Collect all these ingredients in shape of a rough dough with the help of water. Don’t use entire quantity of water in this step.
Now keep adding water in small quantity along with oil/butter and knead the dough for 15 minutes or till it gets elasticity.
Transfer this smooth dough into a big size oil greased bowl. Apply some oil on top of the dough, cling wrap the bowl and keep it in a warm place for first proofing.
In between, make baking tin ready by greasing it with oil/butter. Remember to grease both the bottom and lid sides.
After first proofing, take out the dough on clean and oil greased kitchen counter and punch it lightly.
Collect the dough together, knead it very lightly to make it smooth and spread it as per the size of baking pan.
Apply garlic butter all over it very generously.
Now sprinkle spices/herbs of your choice.
From the top, start rolling it tightly and prepare a log.
Don’t let the edges be loose – seam them by pinching nicely.
Keep this seam side down and gently place this log in the baking tin.
Apply melted garlic butter on top of the log to avoid it drying and close the tin for second proofing.
Just 10 minutes before second proofing time is getting over, preheat oven at 180/185 degrees.
Second proofing will be over in 20-30 minutes.
Brush up the log with milk, close the lid and bake it at 180/185 degrees for 40-50 minutes or till the log gets beautiful brown colour.
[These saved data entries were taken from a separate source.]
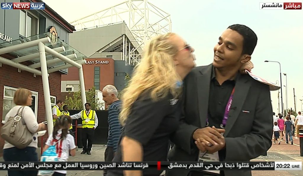Έκπληκτος έμεινε ο δημοσιογράφος του αραβικού sky NEWS όταν όρμησε πάνω του μια ξανθιά κοπέλα, τον πήρε αγκαλιά και του έδωσε ένα παθιασμένο φιλί στο μάγουλο!
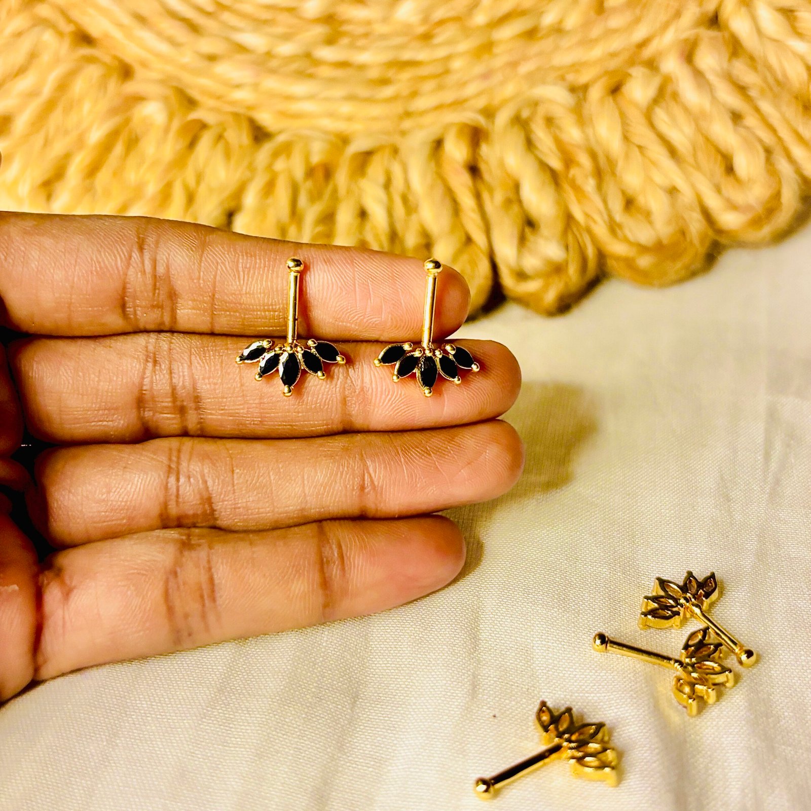 black bugadi,Elevate your everyday style with these elegant gold-tone floral stud earrings. Designed with a sleek vertical bar and a delicate fan of petal-shaped black stones, each piece blends modern minimalism with a touch of vintage charm.
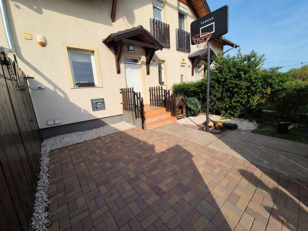 PARKOLÁS: Tolókapun keresztül telken belül 1 autó számára gépkocsibeállás biztosított a térburkolattal fedett előkertben. Ház előtti további 2 autó parkolása megoldott.
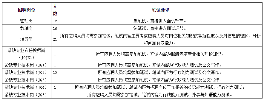 ?。?)筆試為閉卷考試,滿分為100分,合格分數(shù)線為60分,招聘崗位及相應筆試要求詳見表1。低于合格分數(shù)線的應聘人員,不再進入面試環(huán)節(jié)。
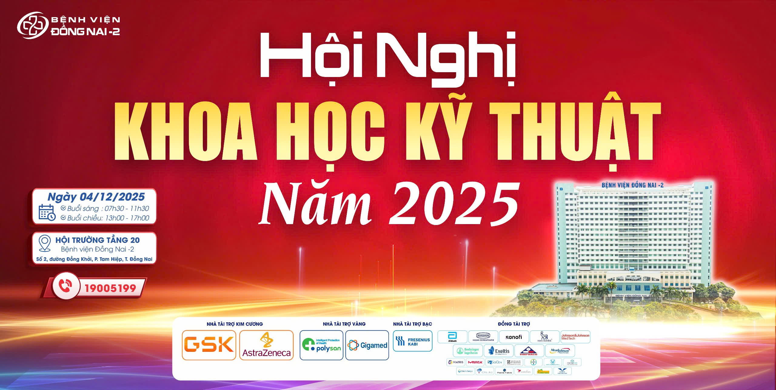 Bệnh viện Đồng Nai -2 trân trọng thông báo về Hội nghị Khoa học Kỹ thuật năm 2025, một sự kiện chuyên môn quan trọng nhằm cập nhật kiến thức mới, giới thiệu các tiến bộ khoa học và chia sẻ kinh nghiệm điều trị từ những Chuyên gia hàng đầu trong nhiều lĩnh vực.
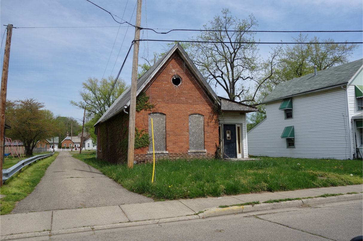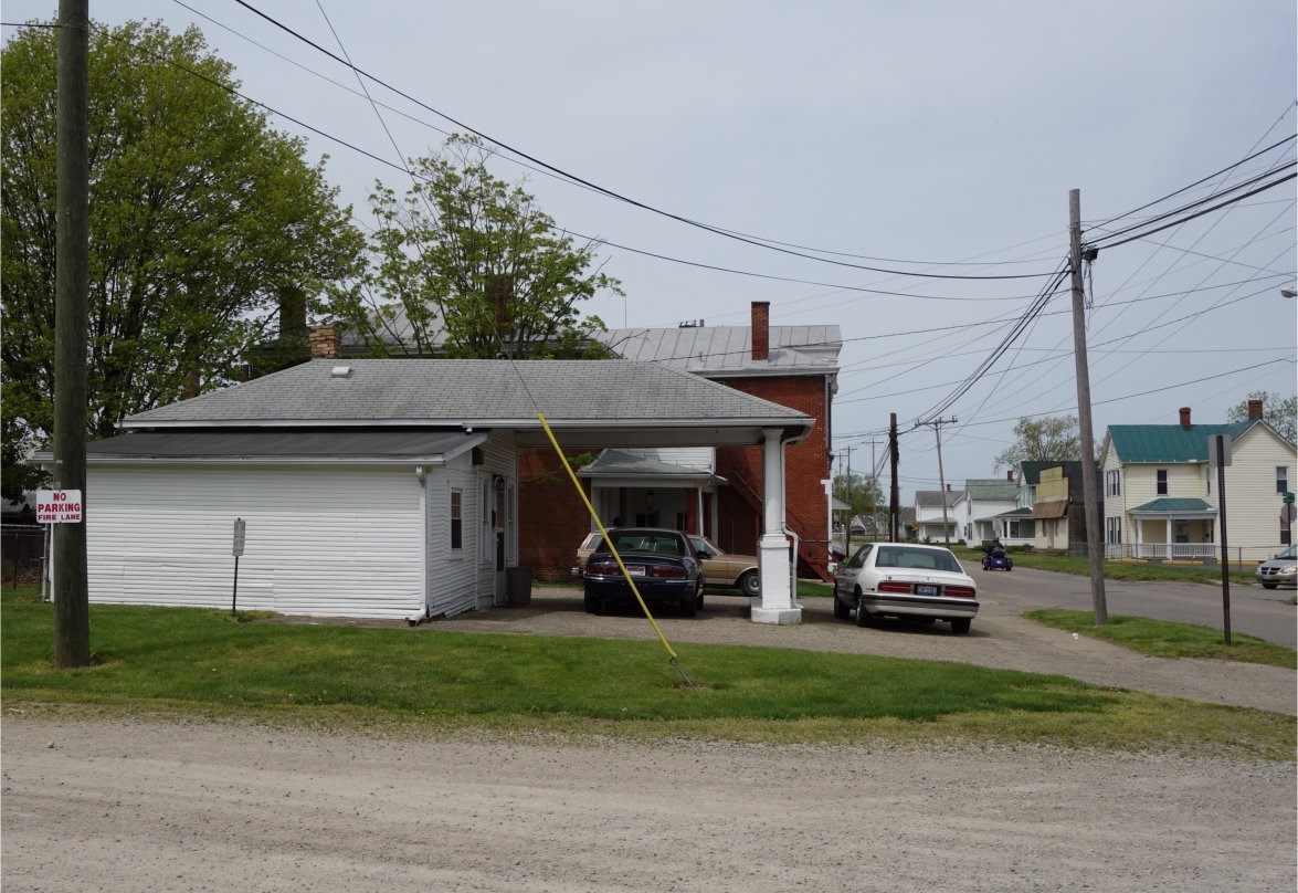 This particular building is fairly unremarkable, except for what it represents. Small town and rural Ohio are full of these buildings, which are, of course, old gas stations. Many have been torn down—as have almost all such buildings in urban areas of Ohio—but some have been repurposed and others just left alone. The building below is one of the latter; it seems to serve no function other than as a parking lot now. ![]()
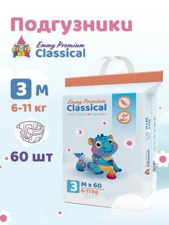 Детские подгузники на липучках 3 размер 6-11 кг 60 шт Emmy
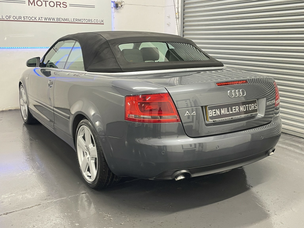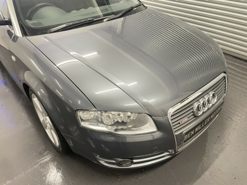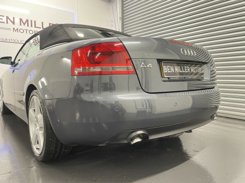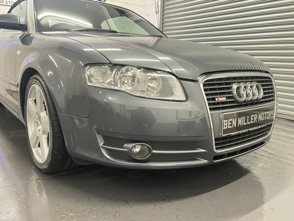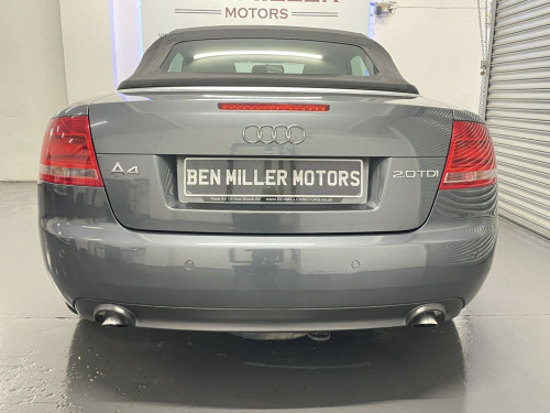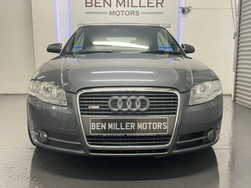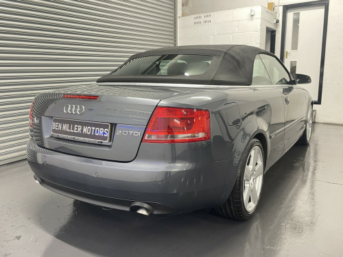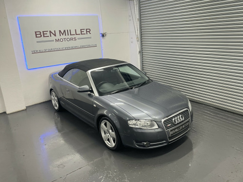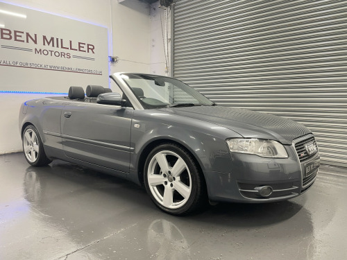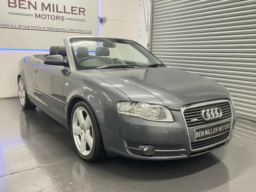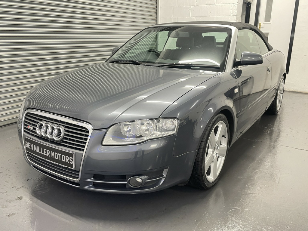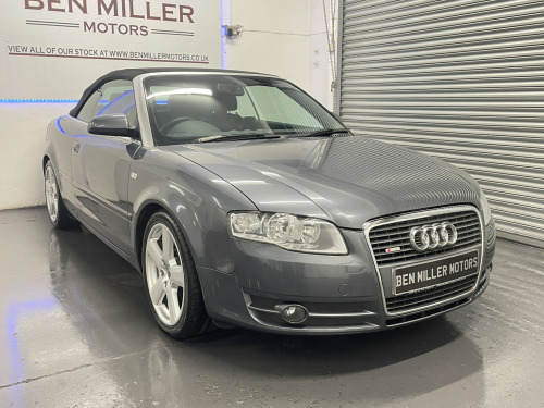 Just arrived in stock at Ben Miller Motors is this Audi A4 Cabriolet. , A 2008 S-Line model powered by the 2.0 TDI engine with 6 speed manual gearbox. , Just 65,000 miles on the clock and lady owned for the last 14 years. , An excellent example finished in Dolphin Grey Metallic with black soft top roof and 18 alloy wheels. , The specification includes full leather interior, electric lumbar support, fully automatic convertible roof, stereo / CD player with BOSE premium sound system, rear parking sensors, air conditioning, front centre armrest, multifunction steering wheel, ISOFIX child seat anchor points. , Offered for sale with original owners manuals, spare key and service history. There are 7 stamps in the book including a full service which we will have carried out prior to sale. We have also had all of the alloy wheels professionally refurbished. , All of our cars come with a 12 month MOT and 3 months warranty. , Our facilities include part exchanges, finance and a relaxed indoor showroom for hassle-free viewings. , If you would like to arrange a viewing or would like a friendly chat about a particular vehicle please do not hesitate to call.
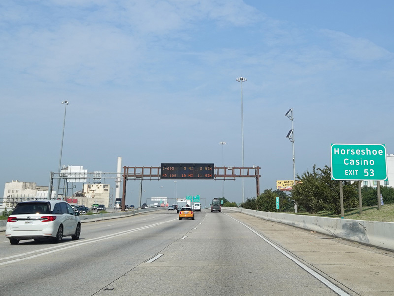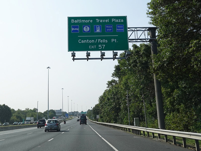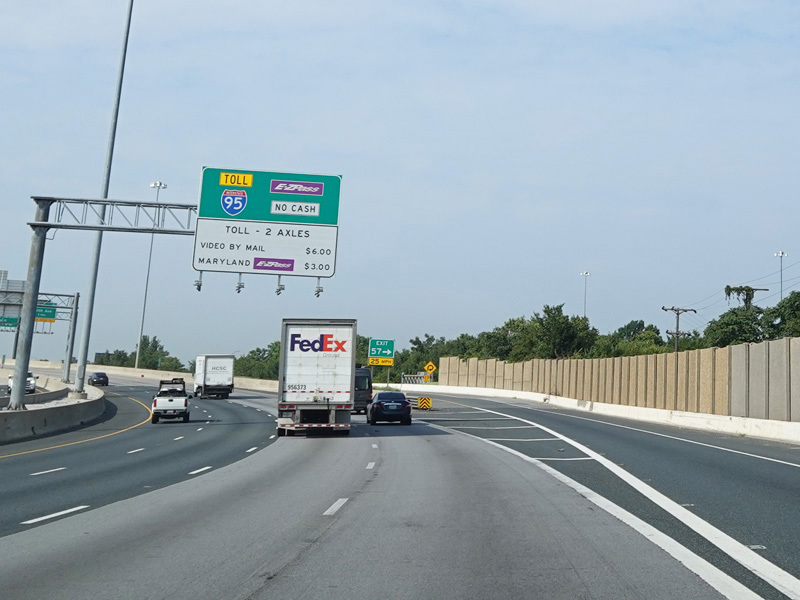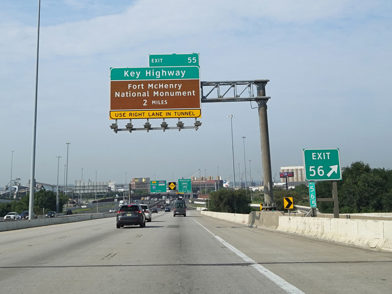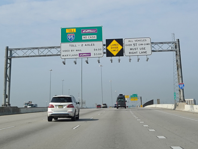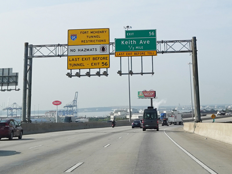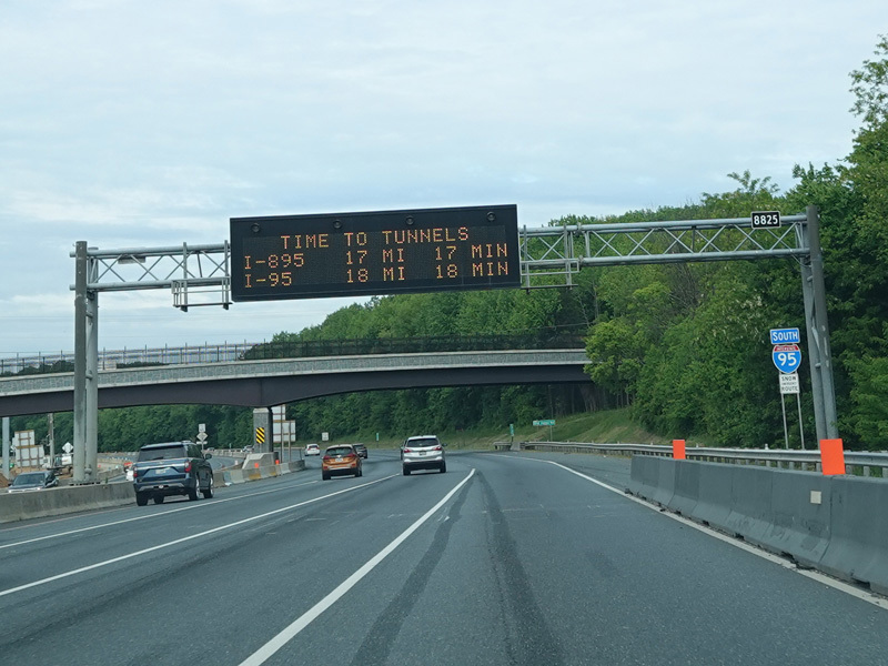 The Fort McHenry Tunnel carries I-95 under the Patapsco River. There is a cashless tolling gantry right before the entrance to the tunnel.

If top of the bread is not becoming brown by the end of the baking time, open the lid and bake it for 3-4 minutes extra. Take out the bread from the tin and keep it on a cooling rack. Apply butter on hot bread to keep it soft and let it cool down completely.
Once bread cools down completely, you can slice it, but to get neat slices wrap it in cling wrap with 2-3 layers and keep it in the fridge for at least 3 to 4 hours. Always use bread cutting serrated knife and slice bread by holding it tightly.
Isn’t this a gorgeous bake with beautiful swirls and awesome garlic herbs flavour!!